Find all $x \in\mathbb R^4$ that are mapped into the zero vector by the transformation $x \mapsto Ax$

Question

I have the following problem: "Find all $x \in\mathbb R^4$ that are mapped into the zero vector by the transformation $x \mapsto Ax$ for the given matrix $A.$"
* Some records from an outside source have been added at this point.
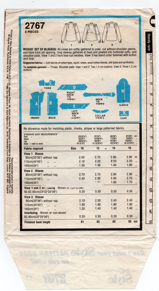 Patrón de costura vintage de los años 70 para blusas románticas con hombros fruncidos para mujer, estilo 2767, talla 10 o 12
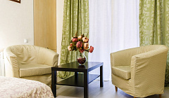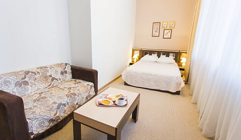 В стоимость номера включен вкусный и питательный завтрак, подаётся в удобное для Вас время. Современные красивые и комфортные номера, выполнены в классическом стиле. В номерах имеется все необходимое для проживания. Мебель, телевизор, холодильник, посуда, средства гигиены (шампунь, гель для душа, зубной набор, бритвенный набор), тапочки, халат. Уборка номеров проводится ежедневно. Мы заботимся о Вас и Вашем здоровье!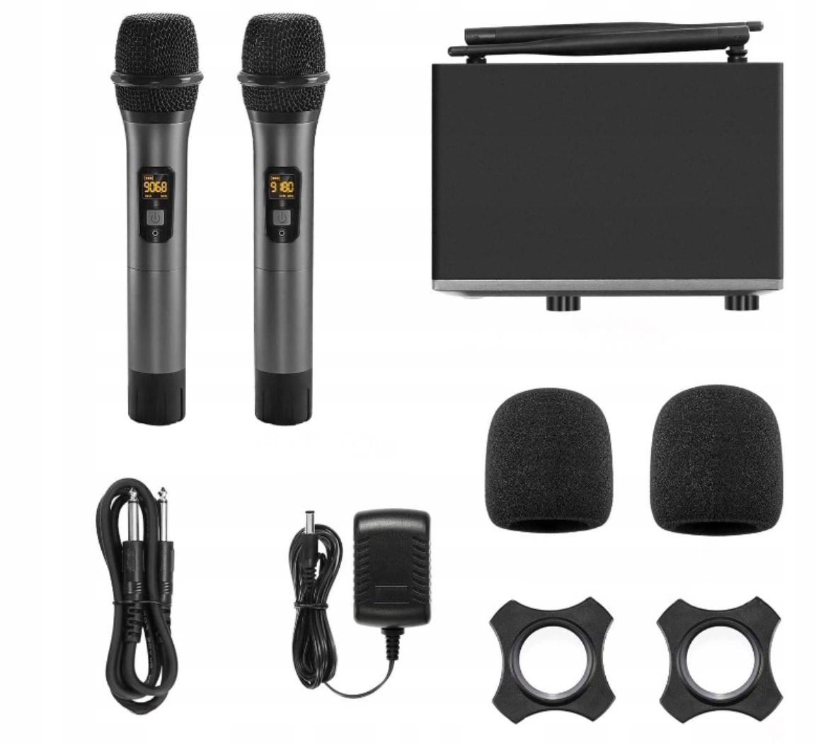- W zestawie:2 x mikrofon ręczny, 1 x odbiornik, 2 x pierścień antypoślizgowy, 1 x kabel audio 6,35 mm, 2 x osłona mikrofonu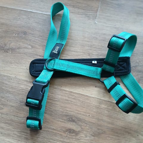 Selger hundesele i justerbar størrelse i grønn og turkis farge fra Hunter. Flere justeringspunkter gjør det mulig å tilpasse selen til hundens kropp. Passer liten til medium størrelse hund.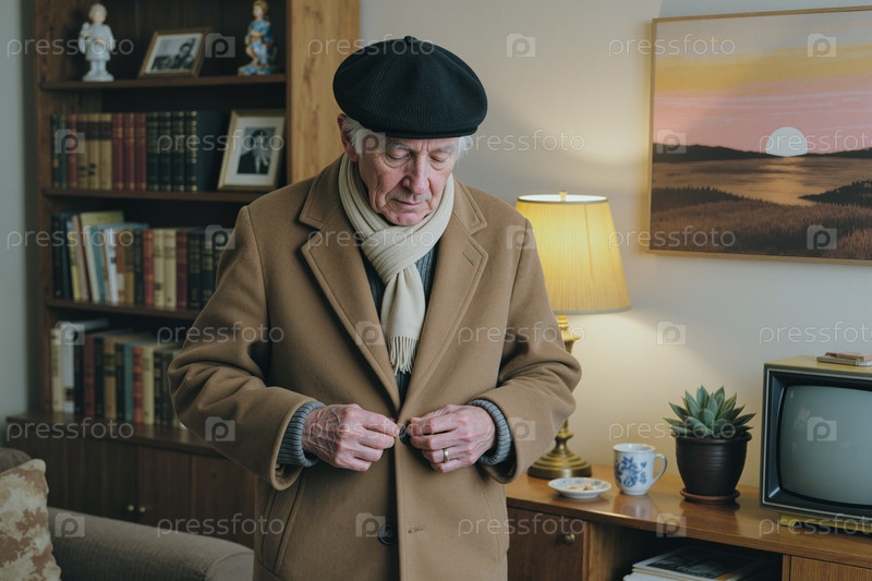 Старший мужчина застегивает пальто дома перед отъездом на зиму Errand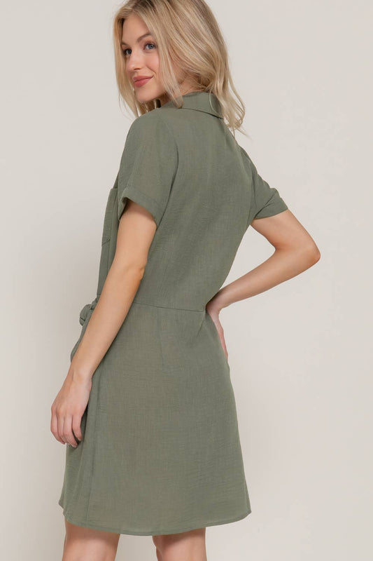 Short Sleeve Button Down Side Bow Linen Effect Mini Dress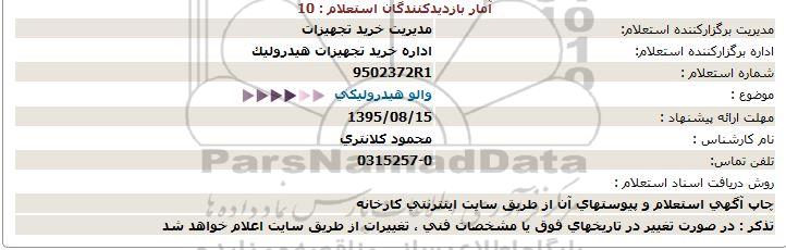 اداره برگزارکننده استعلام: اداره خرید تجهیزات هیدرولیک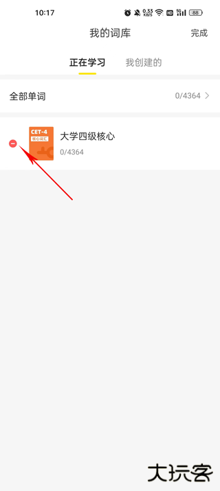 3、回到我的词库页面,点击右上角编辑,将原来的词库删除,即可完成换书。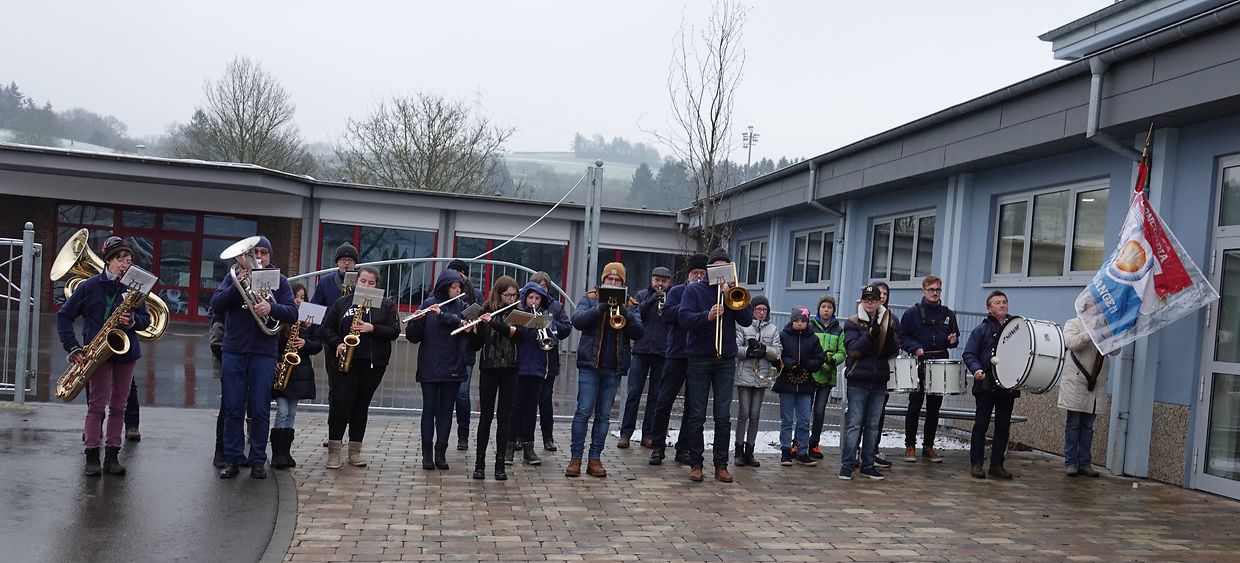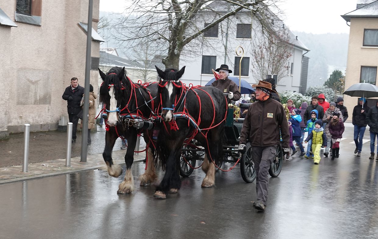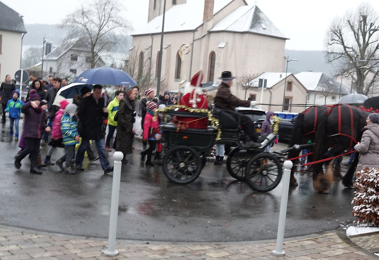 De Kleeschen mat Schnéi am Gepäck zu Ierpeldeng op der Sauer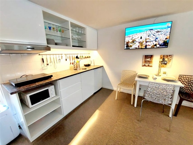 •fully equipped large kitchen with dishwasher, stove, oven, toaster, sandwich maker, microwave, refrigerator, plates, pans, pots, etc.

$$A = \begin{bmatrix}1 & -3 & 4 & -4\\0 & 1 & -4 & 4\\2 & -4 & 0 & 0\end{bmatrix}$$

The textbook I have only has examples of square matrices up to $\mathbb R^4$ being transformed, but I need to transform a $3\times 4$ matrix. Additionally, it doesn't really show the steps, just the start and end product, and I'm not understanding the jump.

Thanks for the help!

Answer 1

The method is Gaussian elimination: $$\begin{bmatrix}1 & -3 & 4 & -4\\0 & 1 & -4 & 4\\2 & -4 & 0 & 0\end{bmatrix}\sim \begin{bmatrix}1 & -3 & 4 & -4\\0 & 1 & -4 & 4\\0 & 2 & -8 & 8\end{bmatrix}\sim \begin{bmatrix}1 & -3 & 4 & -4\\0 & 1 & -4 & 4\\0 & 0 & 0 & 0\end{bmatrix}\sim \begin{bmatrix}1 & 0 & -8 & 8\\0 & 1 & -4 & 4\\0 & 0 & 0 & 0\end{bmatrix}$$ This yields the equations $x_1=8x_3-8x_4$ and $x_2=4x_3-4x_4$. We have two free variables (the right side): $x_3$ and $x_4$. So first choose $x_3=1$ and $x_4=0$, then $x_3=0$ and $x_4=1$ to get solutions of the form $$\begin{bmatrix}x_1\\ x_2\\ x_3\\ x_4\end{bmatrix}=c_1\begin{bmatrix}8\\ 4\\ 1\\ 0\end{bmatrix}+c_2\begin{bmatrix}-8\\ -4\\ 0\\ 1\end{bmatrix}$$ with $c_1,c_2\in\mathbb{R}$.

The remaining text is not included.